Source data:
□ □ □ □ □ □ □

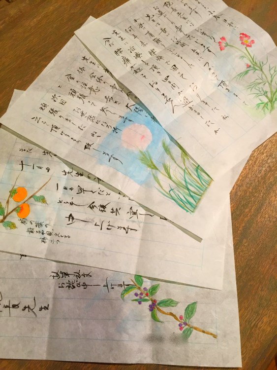 便箋一枚一枚に、秋桜やススキ、柿など、
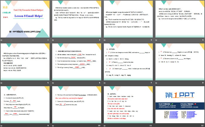关键词:冀教版八年级上册英语PPT课件免费下载,E-mail Helps!PPT下载,My Favourite School SubjectPPT下载,.PPT格式;
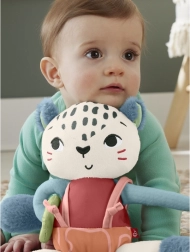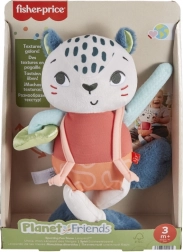 Plyšová panterka FISHER-PRICE Planet Friends je navrhnutá na jemnú senzorickú stimuláciu najmenších. Kontrastné vzory priťahujú pozornosť, mäkké textúry a ušká podporujú skúmanie dotykom a šustiace „čižmičky“ nabádajú k stlačeniu a počúvaniu. Dlhé nožičky, popruhy a posuvný krúžok motivujú deti k uchopovaniu, ťahaniu a tréningu jemnej motoriky.
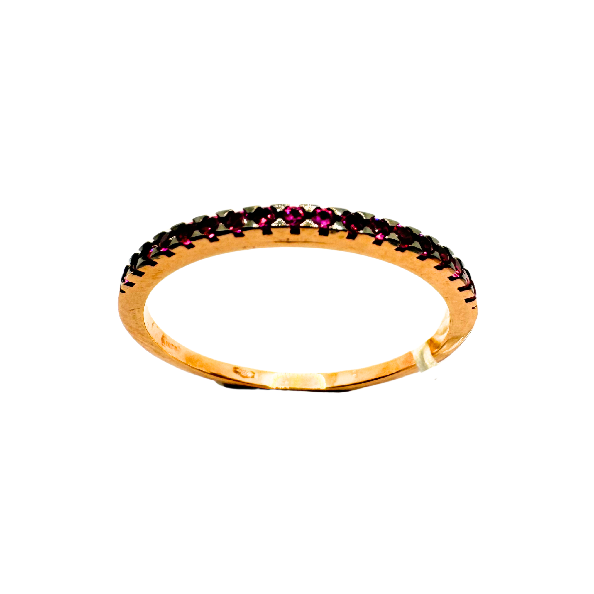 18K Rose Gold Eternity Ring with Fuchsia Stones and Burnished Tips
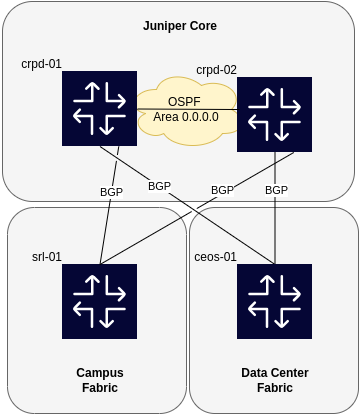 OSPF is used as the IGP between the data center and campus networks, for sharing routes between the different infrastructures. RFC 7938 advocates for BGP in large-scale data centers by highlighting its advantages in scalability, convergence, and flexibility, which are critical in those environments and where traditional IGPs such as OSPF might fall short. However, that level of complexity is not...
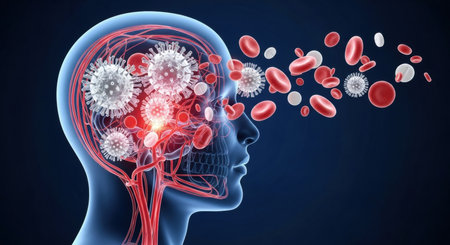 3d render of a human head with a translucent skull showing the brain and blood vessels infected by viruses. Red and white blood cells are also visible.
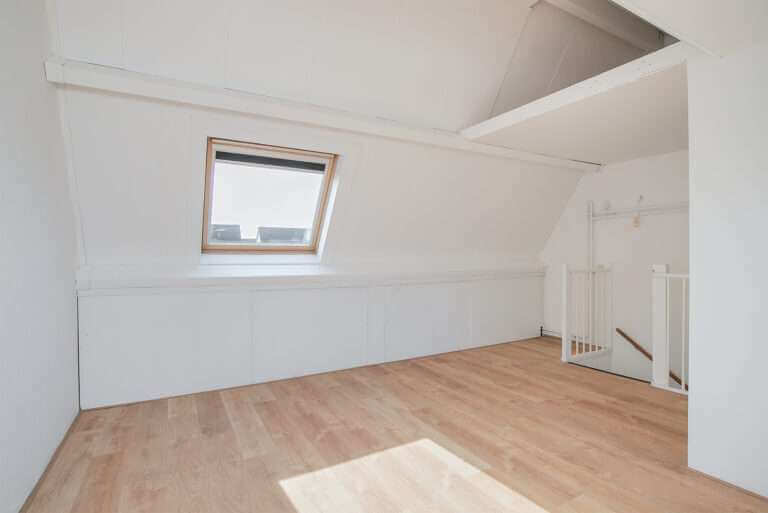 Ruime zolderverdieping met opstelplaats CV-combiketel, wasmachine en droger en 4e slaapkamer, voorzien van een dakkapel aan de voorzijde en een Velux dakraam aan de achterzijde. Bovengelegen vliering. Ook deze verdieping heeft een mooie nieuwe laminaatvloer.
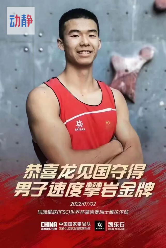 7月2日凌晨,中国攀岩队在2022国际攀联(IFSC)世界杯攀岩赛瑞士维拉尔站速度决赛中大获全胜,贵州省攀岩运动员龙见国不畏强手、奋勇拼搏,获得本站世界杯男子速度冠军!龙见国、伍鹏、龙金宝包揽男子金银铜牌。女子方面,邓丽娟与牛笛包揽金银牌。
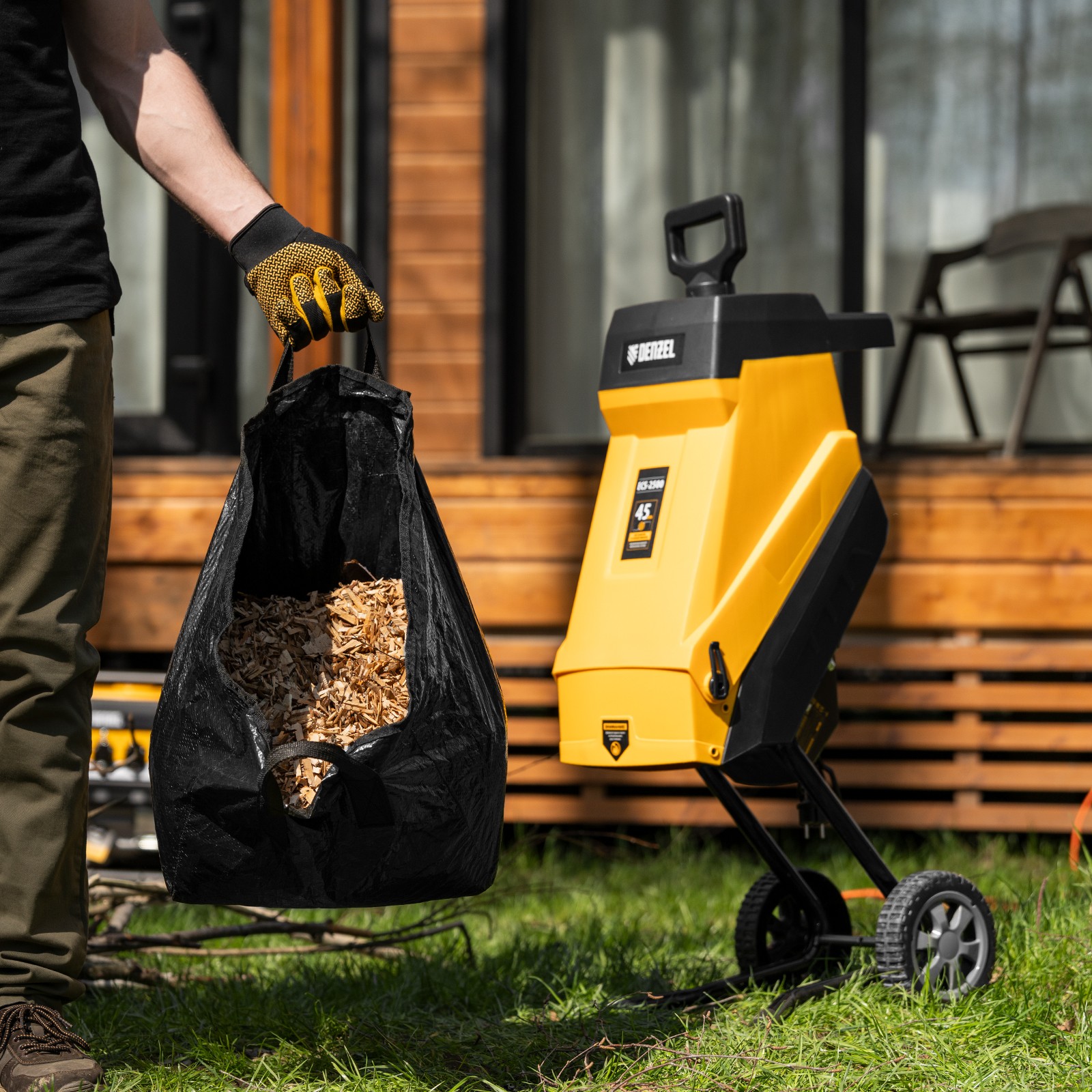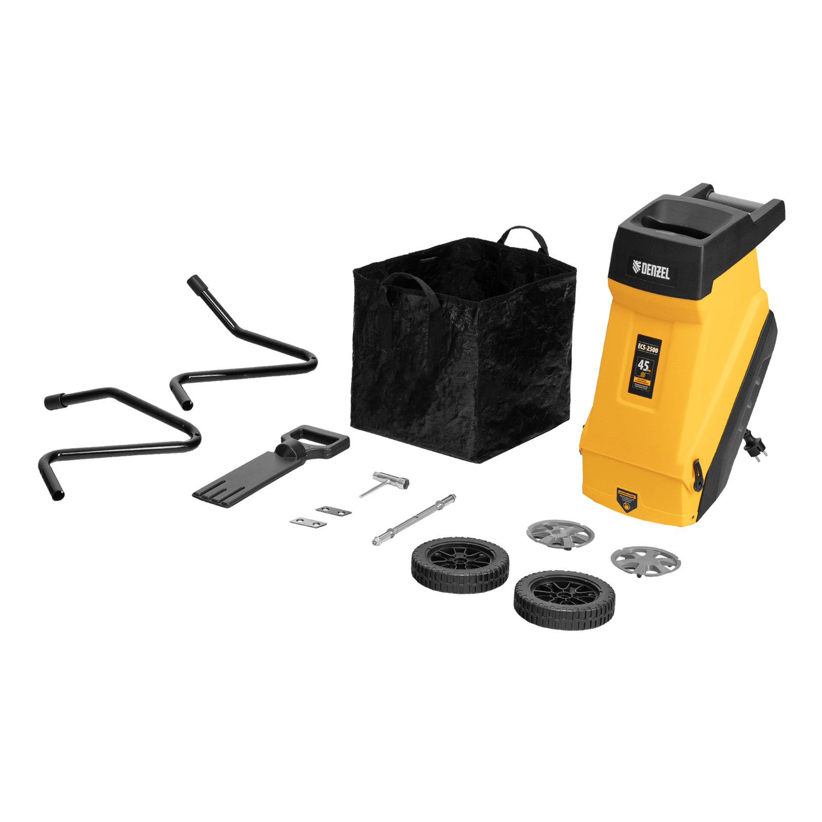 Измельчитель садовый электрический Denzel ECS-2500 59701 мощностью 2500 Вт предназначен для утилизации веток, листвы, скошенной растительности диаметром до 45 мм. Станет незаменимым помощником в саду или на даче, позволит поддерживать порядок на приусадебном участке. Скорость вращения режущих элементов составляет 4100 оборотов в минуту, что позволяет быстро решать поставленные задачи.
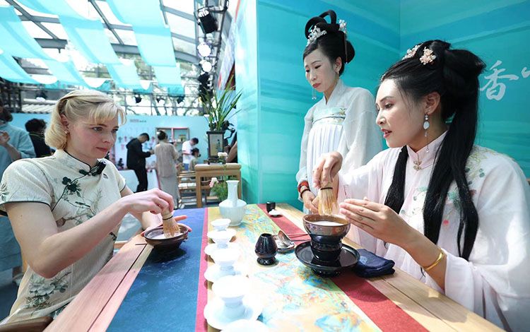 郡王府体验交流区,外国嘉宾正在学习制茶。

□ □ □ □ □ □ □

TASK TO COMPLETE: From the data above, return only the lines starting at the line that holds "Plyšová panterka FISHER-PRICE" and ending at the line that holds "18K Rose Gold", word for word and without pictures.

ANSWER TO THIS PROBLEM:
 Plyšová panterka FISHER-PRICE Planet Friends je navrhnutá na jemnú senzorickú stimuláciu najmenších. Kontrastné vzory priťahujú pozornosť, mäkké textúry a ušká podporujú skúmanie dotykom a šustiace „čižmičky“ nabádajú k stlačeniu a počúvaniu. Dlhé nožičky, popruhy a posuvný krúžok motivujú deti k uchopovaniu, ťahaniu a tréningu jemnej motoriky.
 18K Rose Gold Eternity Ring with Fuchsia Stones and Burnished Tips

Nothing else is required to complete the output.